‘People-to-People’ tourist propaganda scheme paying dividends for Cuba’s Castro dictatorship
When you visit a beautiful and exotic Potemkin Village while on a very short leash and are allowed to view and experience only what your masters allow you to view and experience, the results are pretty predictable. Add into this equation now the fact that most of these Potemkin Village tourists happen to be ignorant and obtuse enough not to realize they are being led on a tour of a non-existent place, and the tour operators have a combination that cannot lose.
That is the entire premise behind the Castro regime's operation of the Obama administration's clumsy and naive "cultural exchange" policy towards Cuba's repressive apartheid dictatorship. Hundreds of ignorant and obtuse American tourists have visited Cuba as part of these propaganda tours swilling down the Castro Kool-Aid, and just as the Western Hemisphere's only totalitarian dictatorship and sponsor of terrorism cunningly planned, they all come back spouting Castro propaganda.
Tours changing American views of Cuba, US policy
HAVANA (AP) — When President Barack Obama reinstated "people-to-people" travel to Cuba in 2011, the idea was that visiting Americans would act as cultural ambassadors for a U.S. constantly demonized in the island's official media.

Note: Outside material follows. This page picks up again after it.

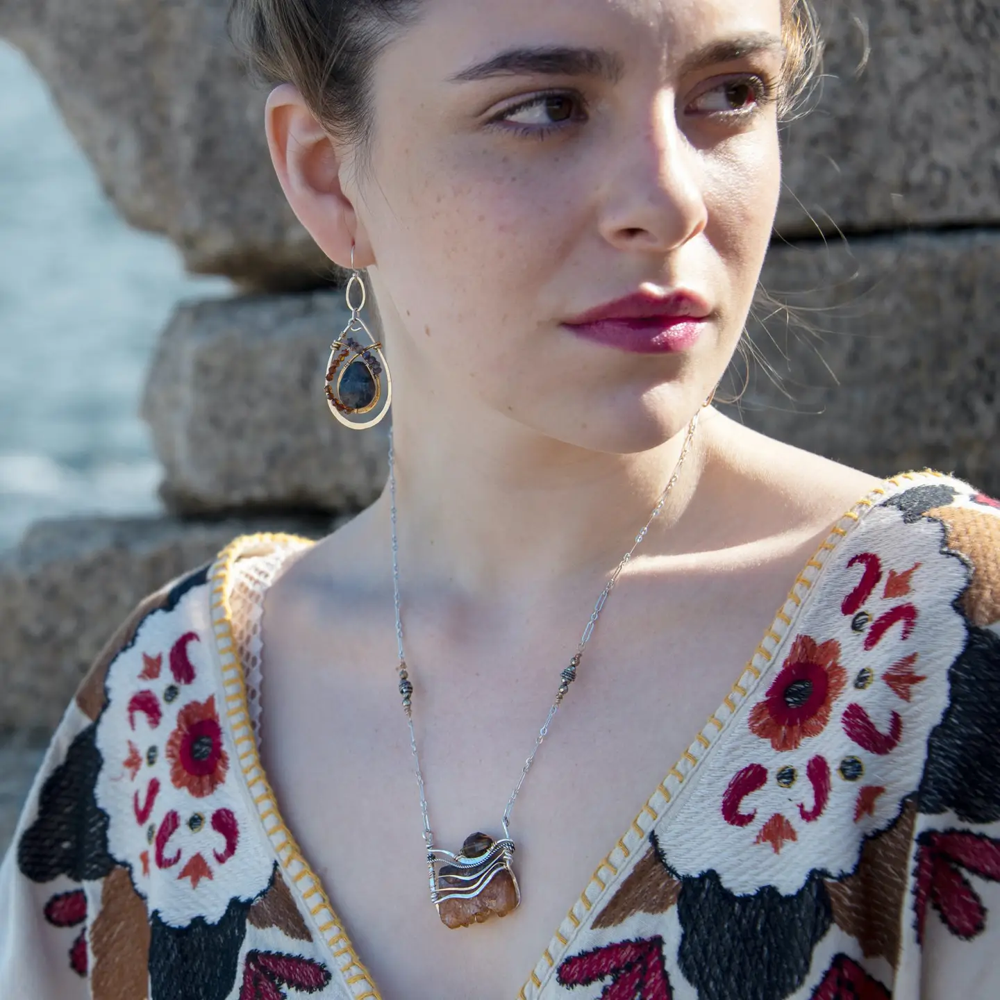 Art by Any Means jewelry is designed by Vanessa Savlen and completely handmade in our seaside studio. Graceful silhouettes of hand-formed hammered metals are set with individually selected gemstones to create light sculptural pieces that are as original as you. Art by Any Means earthy glam jewelry details are artisanal luxury with intention and style. Why wear accessories when you can wear art?

Two and a half years later, a survey shared exclusively with The Associated Press suggests the trips are not only improving Cubans' views of Americans. They are also changing U.S. travelers' opinions of the Caribbean nation for the better, and dimming their view of Washington policies that have long sought to pressure Cuba's Communist leaders.

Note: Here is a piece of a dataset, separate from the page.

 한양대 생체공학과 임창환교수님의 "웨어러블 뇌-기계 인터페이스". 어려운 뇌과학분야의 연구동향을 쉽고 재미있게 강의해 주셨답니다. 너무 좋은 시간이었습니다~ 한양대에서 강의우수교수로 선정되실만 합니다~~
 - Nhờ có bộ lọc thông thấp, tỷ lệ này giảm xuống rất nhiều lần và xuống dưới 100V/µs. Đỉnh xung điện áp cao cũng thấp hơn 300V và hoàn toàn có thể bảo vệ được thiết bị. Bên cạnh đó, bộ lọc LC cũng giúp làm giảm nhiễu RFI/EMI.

"I think U.S.-Cuban relations should be open. People should be talking to each other. People should be sharing," said Ellen Landsberger, a 62-year-old New York obstetrician who recently visited on a people-to-people tour.

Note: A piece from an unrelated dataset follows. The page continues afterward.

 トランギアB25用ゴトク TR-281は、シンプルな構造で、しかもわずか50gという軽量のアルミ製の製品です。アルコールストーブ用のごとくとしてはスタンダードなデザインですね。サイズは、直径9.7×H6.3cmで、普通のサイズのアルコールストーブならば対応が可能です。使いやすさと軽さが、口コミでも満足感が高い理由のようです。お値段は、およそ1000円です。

"We have this tiny little island that is no threat to the U.S. that we're isolating from the world," she said. "It doesn't make sense."
There's surely significant self-selection among people-to-people travelers; supporters of a hard-line policy against Cuba are unlikely to consider such a tour. And the people who run the trips tend to be more or less sympathetic toward Cuba, or at least to the idea of easing or lifting the 52-year-old U.S. embargo, which could potentially be a boon to their business.
Still, the results of the multiple-choice survey by Friendly Planet Travel, a company based in suburban Philadelphia that promotes legal tours of Cuba, are eye-catching. Three-quarters said they were drawn by curiosity about life in a nation that has been off limits to most Americans for decades.
Before travel, the most prevalent view of Raul Castro's government was "a repressive Communist regime that stifles individuality and creativity," 48 percent of respondents said. That fell to 19 percent after their visits, and the new most-popular view, held by 30 percent of respondents, became the slightly more charitable "a failing government that is destined to fall."
Most striking, 88 percent said the experience made them more likely than before to support ending the embargo against Cuba.